== YOUR ASSIGNMENT ==
The exercise calls for exact output of the lines between the one that contains "Internet celebrity parent-child" and the end of the data, with both ends kept and pictures left out.

== DATA SHOWN ==
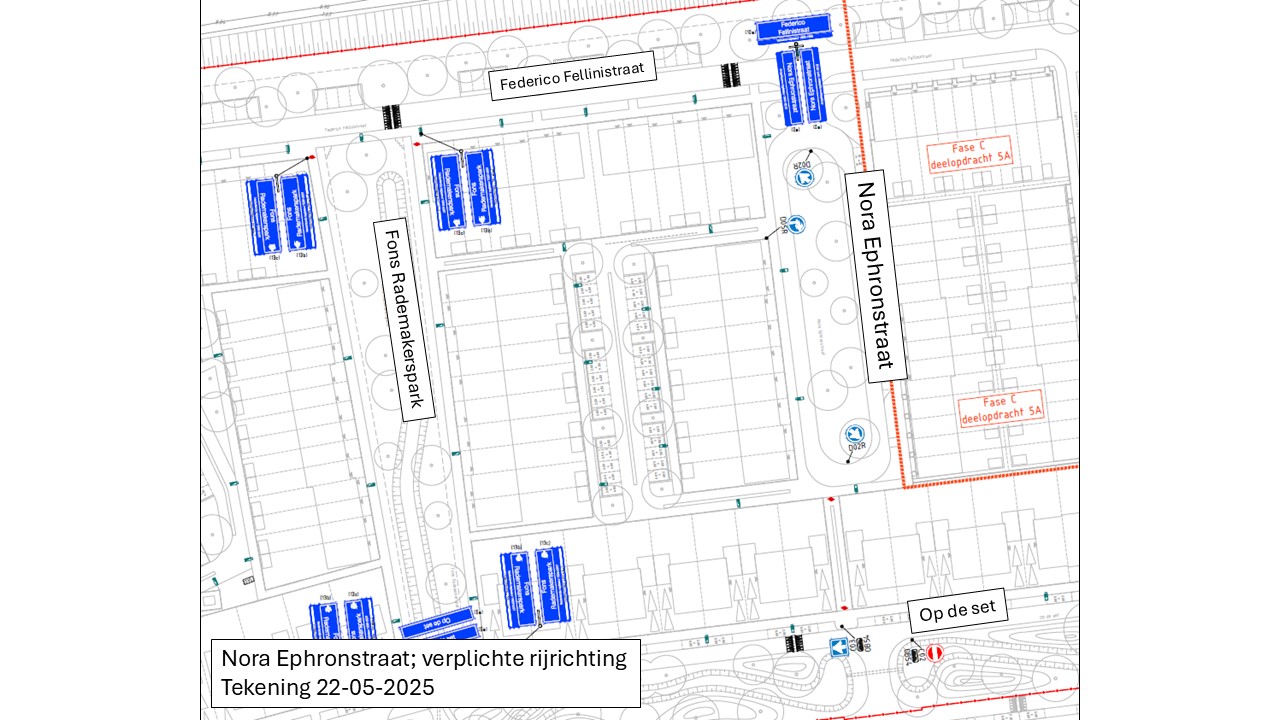 dat het tracé van de Nora Ephronstraat vanaf de Federico Fellinistraat richting Op de set voert en vanaf daar in noordelijke richting terug naar de Federico Fellinistraat;
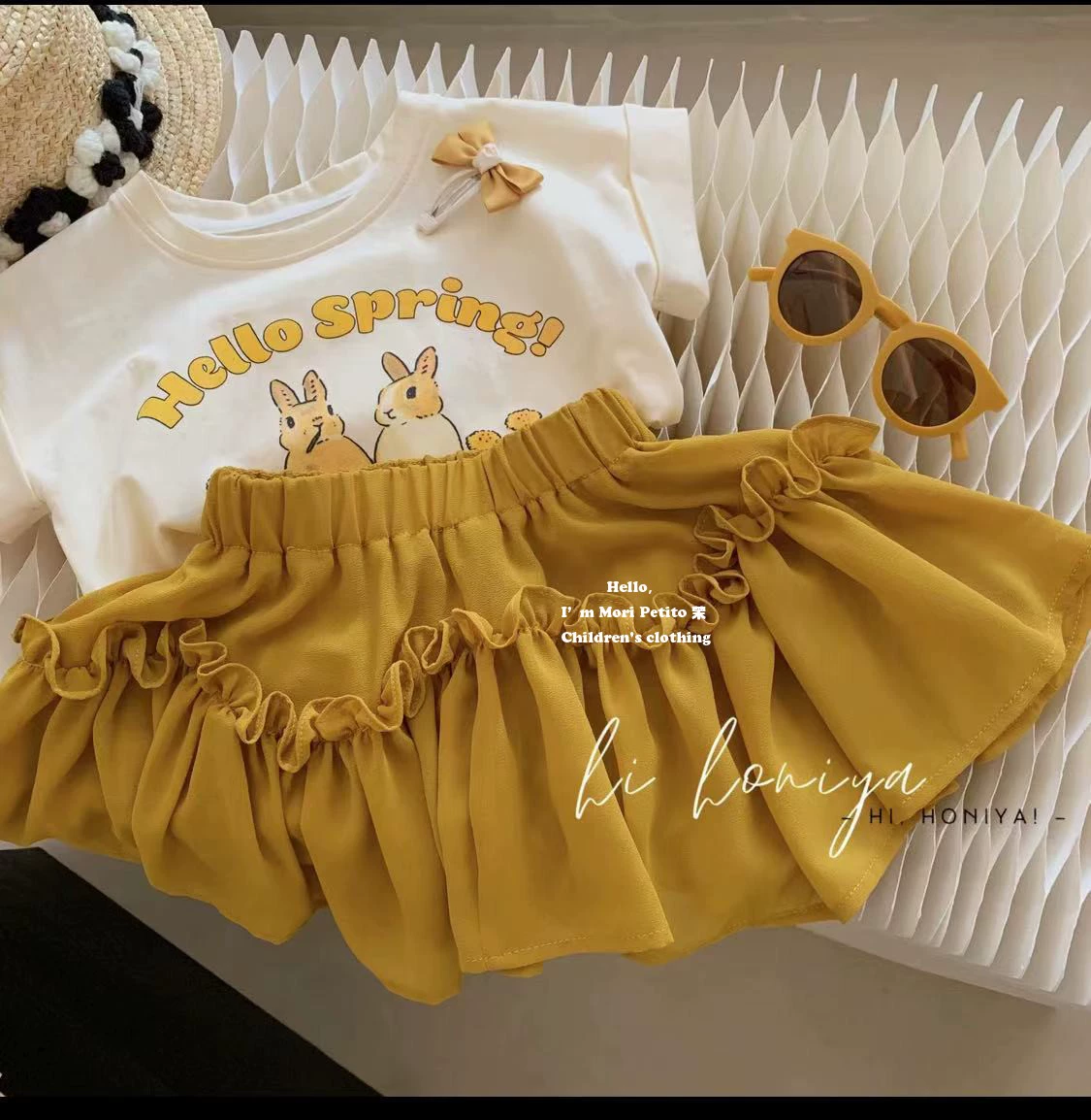 Internet celebrity parent-child summer dress girls short-sleeved T-shaped chiffon skirt half-length long skirt suit mother-daughter dress
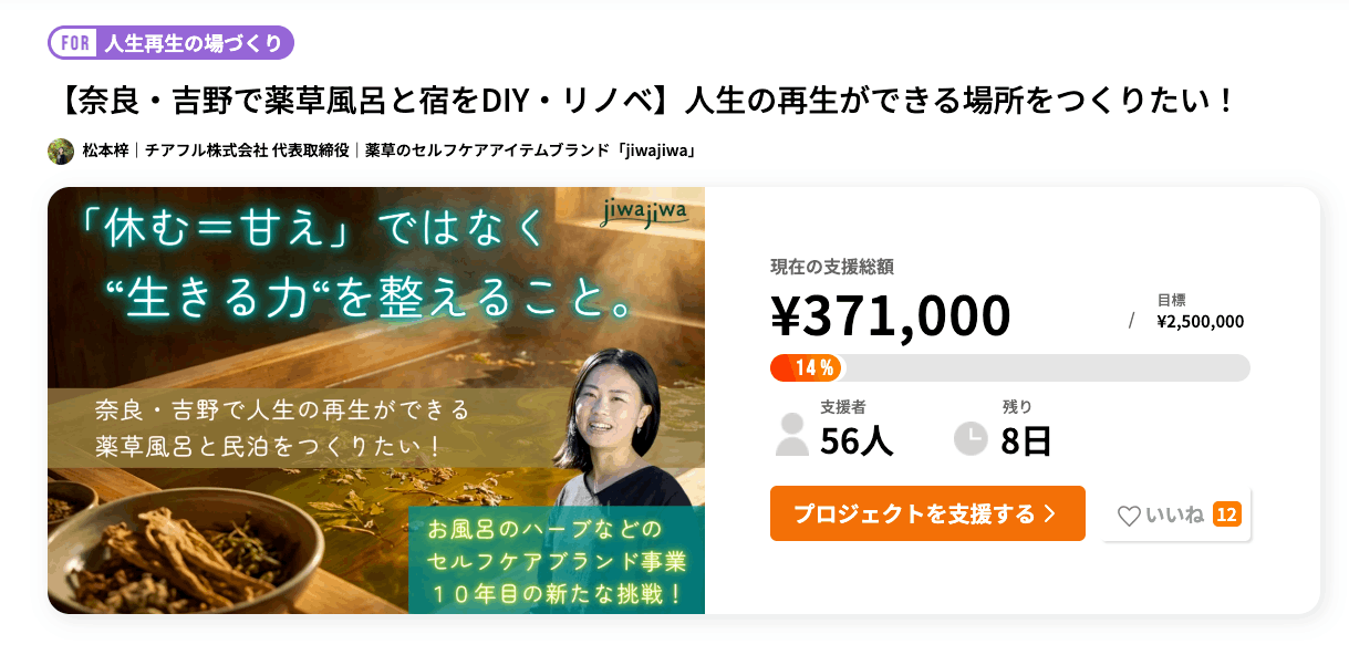 先日追加させていただいた「一棟貸し宿と薬草風呂のモニター宿泊プラン」と、jiwajiwa商品と書籍でのご支援、応援メッセージをありがとうございます!

== PROBLEM SOLUTION ==
 Internet celebrity parent-child summer dress girls short-sleeved T-shaped chiffon skirt half-length long skirt suit mother-daughter dress
 先日追加させていただいた「一棟貸し宿と薬草風呂のモニター宿泊プラン」と、jiwajiwa商品と書籍でのご支援、応援メッセージをありがとうございます!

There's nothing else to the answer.